Task brief: Repeat the data word for word. Do not include the pictures.

Dataset excerpts:
┄┄┄┄┄┄┄┄┄┄

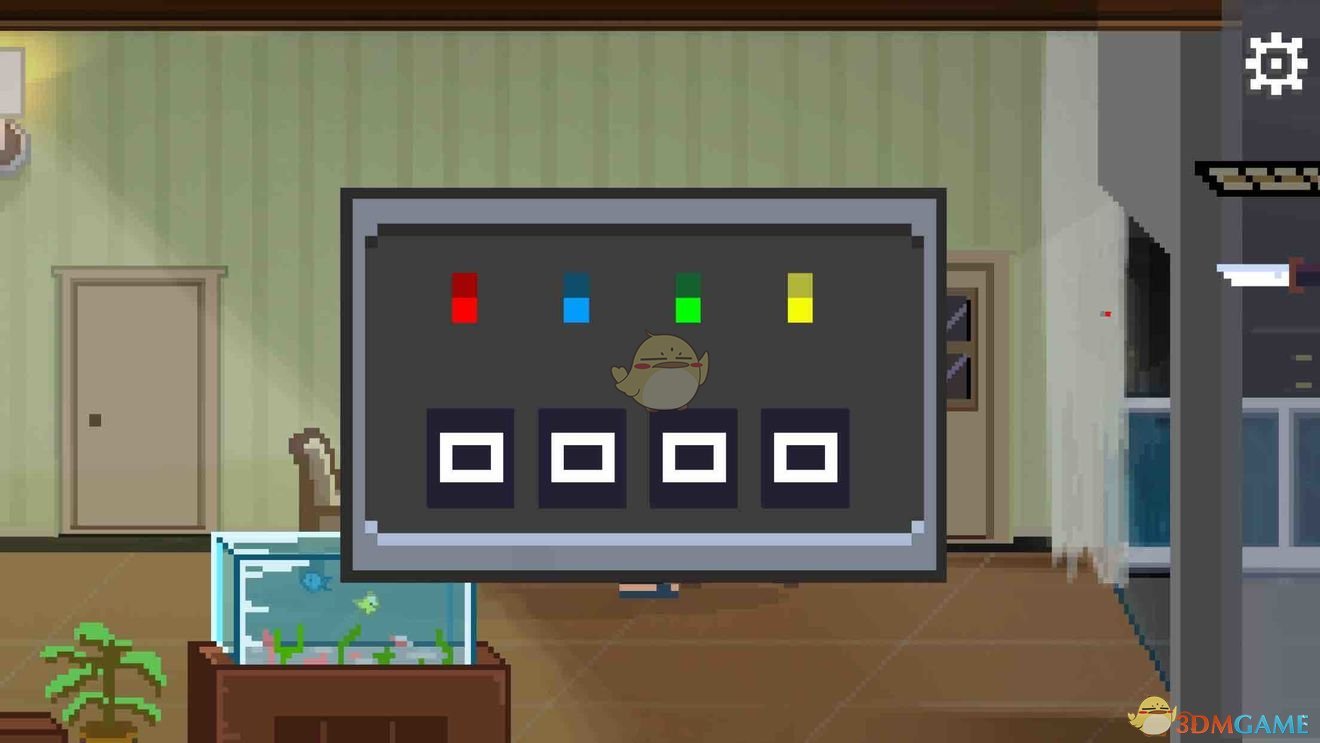 进入左侧带有电脑的房间,记住黄色小虫的运动轨迹,此时再次回到客厅,点击餐桌上密码箱将与颜色相对应小虫的运动轨迹,选择的密码,即可获得白色方块。
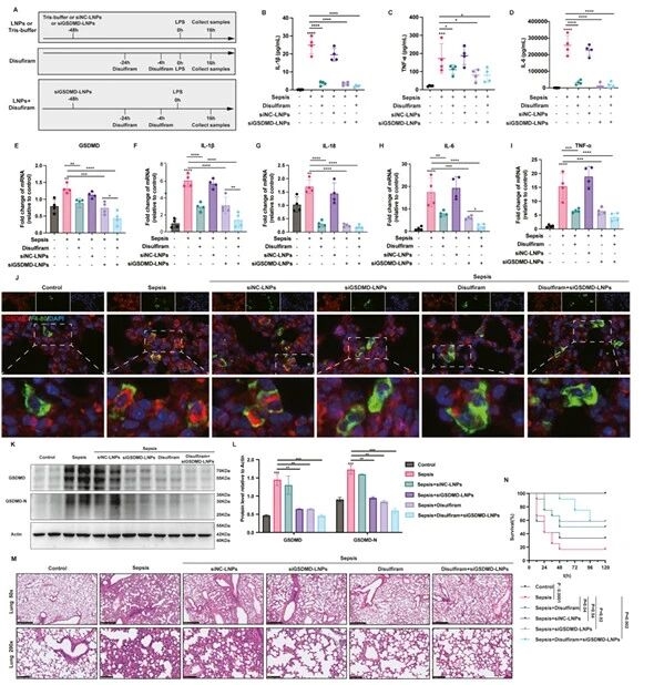 研究团队通过设计小鼠体内给药的实验方案,检测到脓毒症小鼠血浆炎症因子水平降低,肺组织GSDMD表达及炎症因子mRNA水平下调,肺组织病理损伤减轻;生存曲线证实siGSDMD-LNPs可显著提高脓毒症小鼠的生存率。
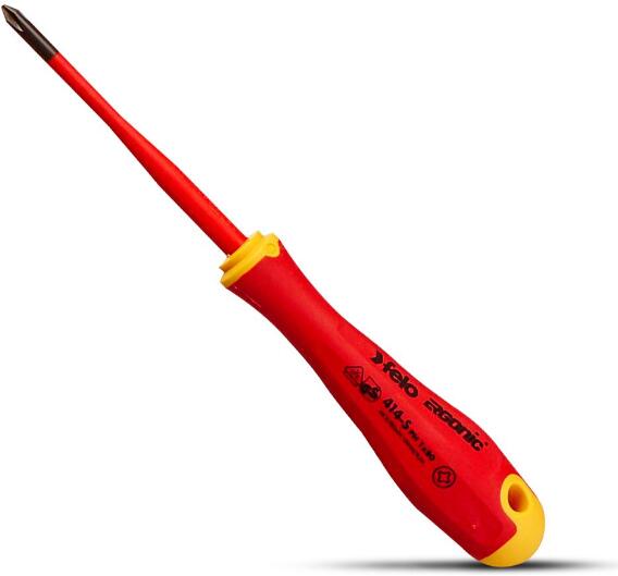 FELO PH szigetelt csavarhúzó, ERGONIC markolattal. Az egyetlen markolat, melynek a belsejében lévő zselés cella alkalmazkodik a felhasználó tenyeréhez, a maximális nyomaték kifejtése mellett, egyedülállóan kényelmessé teszi a munkavégzést. A csavarhúzó 1000 voltig használható. Minden darab 10.000 volttal tesztelt, megfelel az EN60900 szabványnak. Alkalmazása: Philips típu
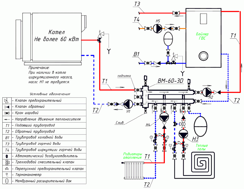 Следует отметить, что циркуляционный насос котла (встроенный в агрегат или установленный отдельно) обычно не гарантирует обеспечения качественной циркуляции теплоносителя в системе с большим числом потребителей – поэтому каждый блок потребления обычно оснащается независимым насосом (узел теплых полов – в обязательном порядке, БКН – в соответствии со схемой подключения).
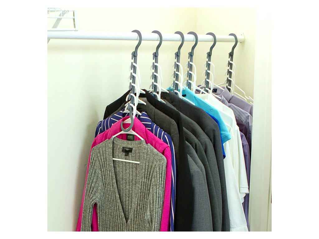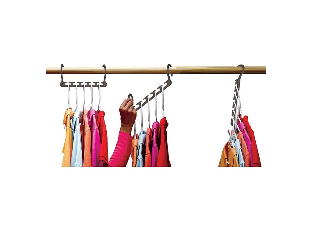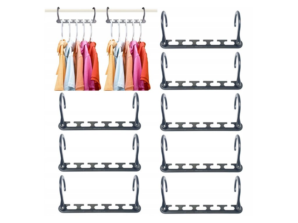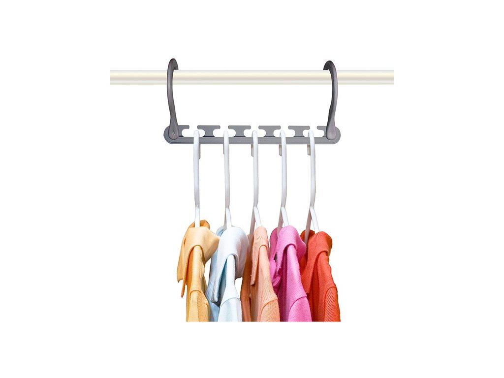 Úsporný věšák na ramínka vytvoří ve vaší skříni více místa, navíc si s jeho pomocí můžete oblečení přehledně uspořádat. Balení obsahuje 8 věšáků, na každý věšák můžete pověsit 5 ramínek. Pokud chcete ušetřit místo, jeden háček z tyče sundejte a nechte ramínka viset sestupně dolů.
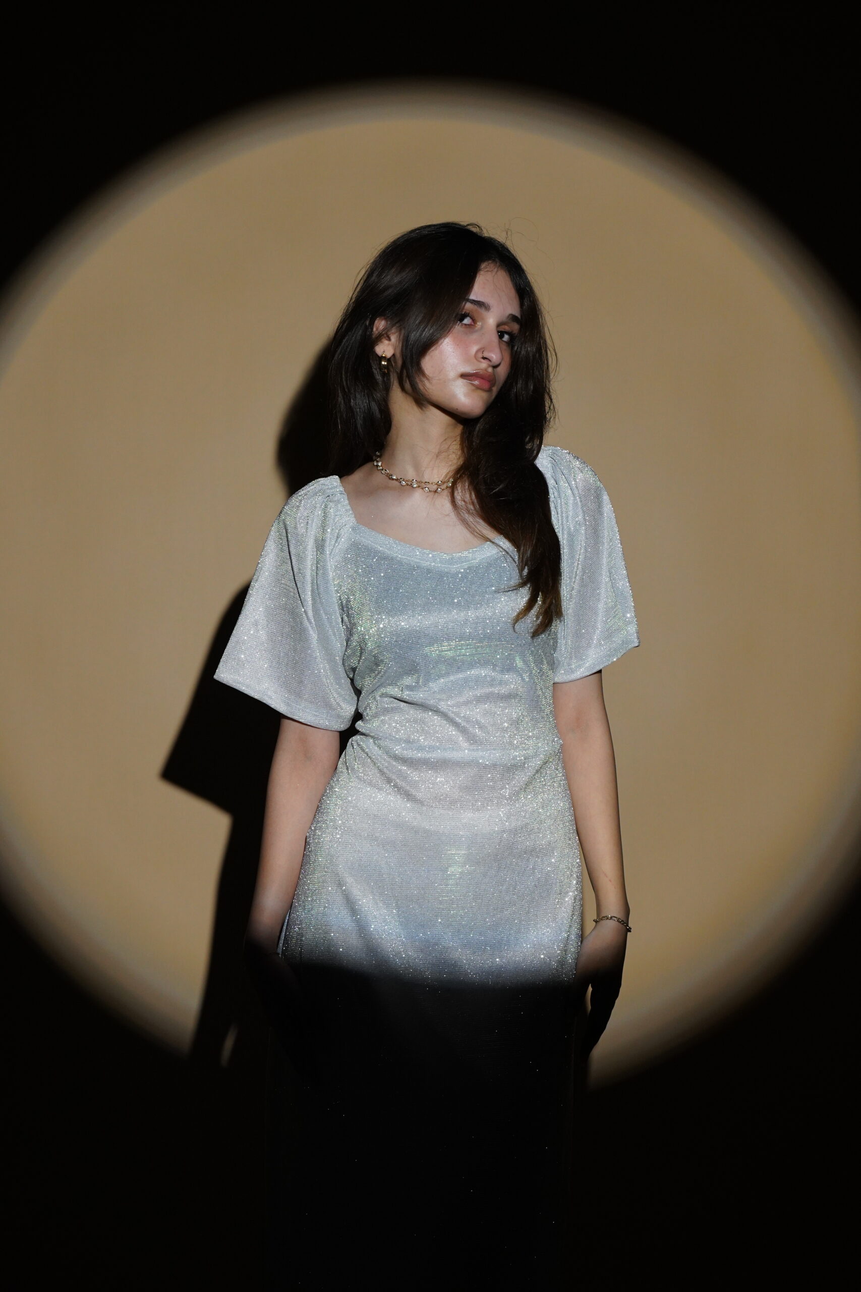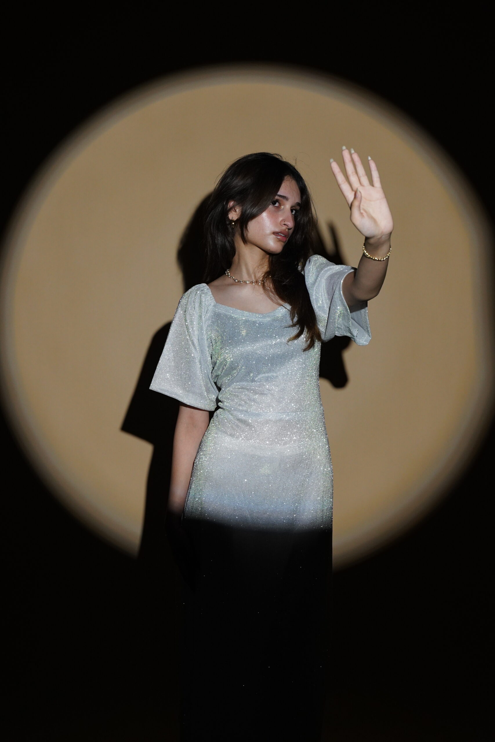 Step into a celestial dream with our stunning Silver Starlight Gown. This breathtaking dress is crafted from a shimmering fabric that glows with an ethereal light. Featuring elegant flutter sleeves and a graceful silhouette, it’s the perfect choice for making a sophisticated and memorable entrance.

┄┄┄┄┄┄┄┄┄┄

Response:
 进入左侧带有电脑的房间,记住黄色小虫的运动轨迹,此时再次回到客厅,点击餐桌上密码箱将与颜色相对应小虫的运动轨迹,选择的密码,即可获得白色方块。
 研究团队通过设计小鼠体内给药的实验方案,检测到脓毒症小鼠血浆炎症因子水平降低,肺组织GSDMD表达及炎症因子mRNA水平下调,肺组织病理损伤减轻;生存曲线证实siGSDMD-LNPs可显著提高脓毒症小鼠的生存率。
 FELO PH szigetelt csavarhúzó, ERGONIC markolattal. Az egyetlen markolat, melynek a belsejében lévő zselés cella alkalmazkodik a felhasználó tenyeréhez, a maximális nyomaték kifejtése mellett, egyedülállóan kényelmessé teszi a munkavégzést. A csavarhúzó 1000 voltig használható. Minden darab 10.000 volttal tesztelt, megfelel az EN60900 szabványnak. Alkalmazása: Philips típu
 Следует отметить, что циркуляционный насос котла (встроенный в агрегат или установленный отдельно) обычно не гарантирует обеспечения качественной циркуляции теплоносителя в системе с большим числом потребителей – поэтому каждый блок потребления обычно оснащается независимым насосом (узел теплых полов – в обязательном порядке, БКН – в соответствии со схемой подключения).
 Úsporný věšák na ramínka vytvoří ve vaší skříni více místa, navíc si s jeho pomocí můžete oblečení přehledně uspořádat. Balení obsahuje 8 věšáků, na každý věšák můžete pověsit 5 ramínek. Pokud chcete ušetřit místo, jeden háček z tyče sundejte a nechte ramínka viset sestupně dolů.
 Step into a celestial dream with our stunning Silver Starlight Gown. This breathtaking dress is crafted from a shimmering fabric that glows with an ethereal light. Featuring elegant flutter sleeves and a graceful silhouette, it’s the perfect choice for making a sophisticated and memorable entrance.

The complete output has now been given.